• Assignment
Give the lines below again exactly, starting with the line that holds "Élégant et pratique" and going on through the line that holds "Το Τελικό Συνέδριο".

• Data
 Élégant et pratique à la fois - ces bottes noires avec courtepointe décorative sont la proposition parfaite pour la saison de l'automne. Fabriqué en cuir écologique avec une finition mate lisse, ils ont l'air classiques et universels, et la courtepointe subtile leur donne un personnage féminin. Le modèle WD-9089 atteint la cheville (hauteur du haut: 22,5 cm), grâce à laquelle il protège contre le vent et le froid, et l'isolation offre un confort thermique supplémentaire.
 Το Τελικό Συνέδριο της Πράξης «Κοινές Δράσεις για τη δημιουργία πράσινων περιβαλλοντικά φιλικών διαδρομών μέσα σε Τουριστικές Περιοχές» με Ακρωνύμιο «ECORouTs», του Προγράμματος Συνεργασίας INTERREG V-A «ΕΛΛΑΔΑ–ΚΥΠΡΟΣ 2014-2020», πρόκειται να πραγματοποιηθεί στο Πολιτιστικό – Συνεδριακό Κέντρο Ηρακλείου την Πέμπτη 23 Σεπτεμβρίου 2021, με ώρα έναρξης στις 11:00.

--

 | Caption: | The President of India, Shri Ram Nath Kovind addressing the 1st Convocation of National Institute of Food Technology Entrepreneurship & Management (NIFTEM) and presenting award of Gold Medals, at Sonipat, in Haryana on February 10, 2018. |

--

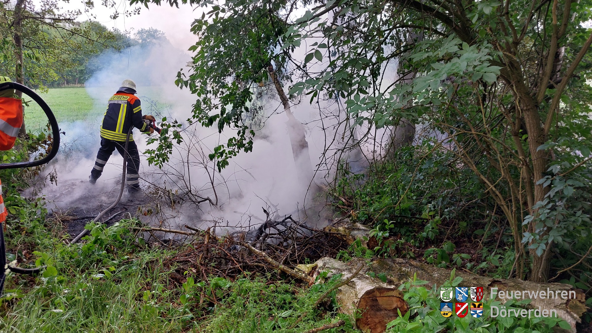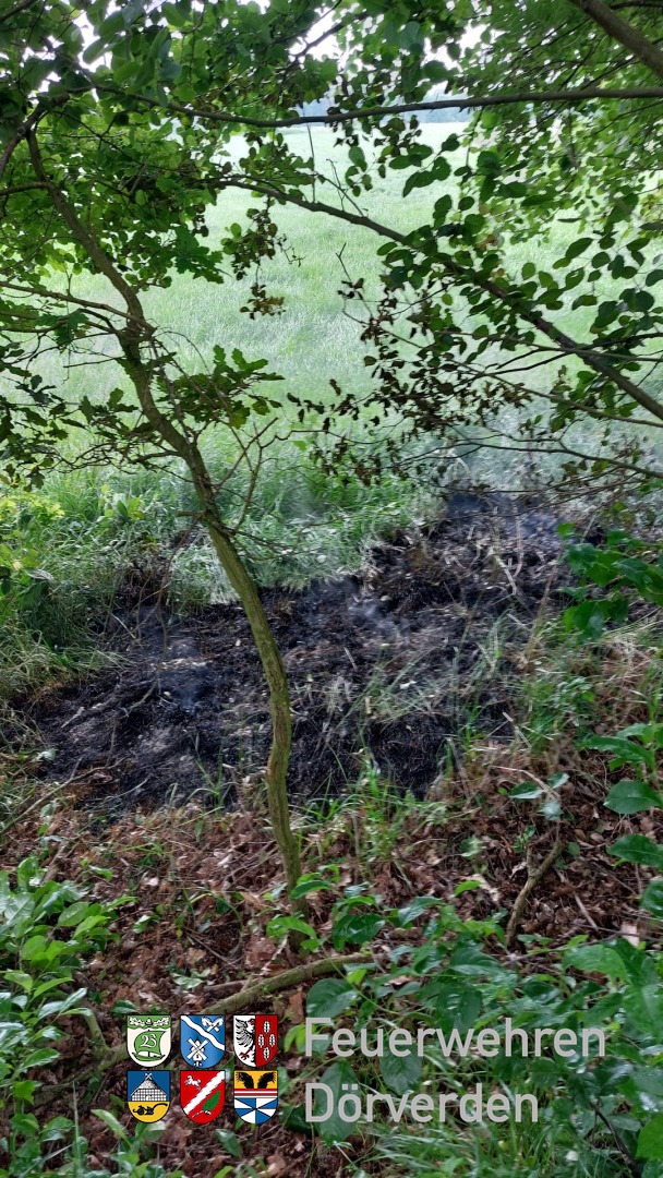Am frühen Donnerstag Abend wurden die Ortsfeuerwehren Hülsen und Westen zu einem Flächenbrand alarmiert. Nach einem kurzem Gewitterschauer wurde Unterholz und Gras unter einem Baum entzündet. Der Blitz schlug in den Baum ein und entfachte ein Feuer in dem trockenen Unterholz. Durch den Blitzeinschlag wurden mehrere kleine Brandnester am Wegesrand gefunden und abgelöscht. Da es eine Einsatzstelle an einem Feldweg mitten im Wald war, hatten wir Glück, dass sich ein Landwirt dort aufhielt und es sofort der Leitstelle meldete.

• Response to the task
 Élégant et pratique à la fois - ces bottes noires avec courtepointe décorative sont la proposition parfaite pour la saison de l'automne. Fabriqué en cuir écologique avec une finition mate lisse, ils ont l'air classiques et universels, et la courtepointe subtile leur donne un personnage féminin. Le modèle WD-9089 atteint la cheville (hauteur du haut: 22,5 cm), grâce à laquelle il protège contre le vent et le froid, et l'isolation offre un confort thermique supplémentaire.
 Το Τελικό Συνέδριο της Πράξης «Κοινές Δράσεις για τη δημιουργία πράσινων περιβαλλοντικά φιλικών διαδρομών μέσα σε Τουριστικές Περιοχές» με Ακρωνύμιο «ECORouTs», του Προγράμματος Συνεργασίας INTERREG V-A «ΕΛΛΑΔΑ–ΚΥΠΡΟΣ 2014-2020», πρόκειται να πραγματοποιηθεί στο Πολιτιστικό – Συνεδριακό Κέντρο Ηρακλείου την Πέμπτη 23 Σεπτεμβρίου 2021, με ώρα έναρξης στις 11:00.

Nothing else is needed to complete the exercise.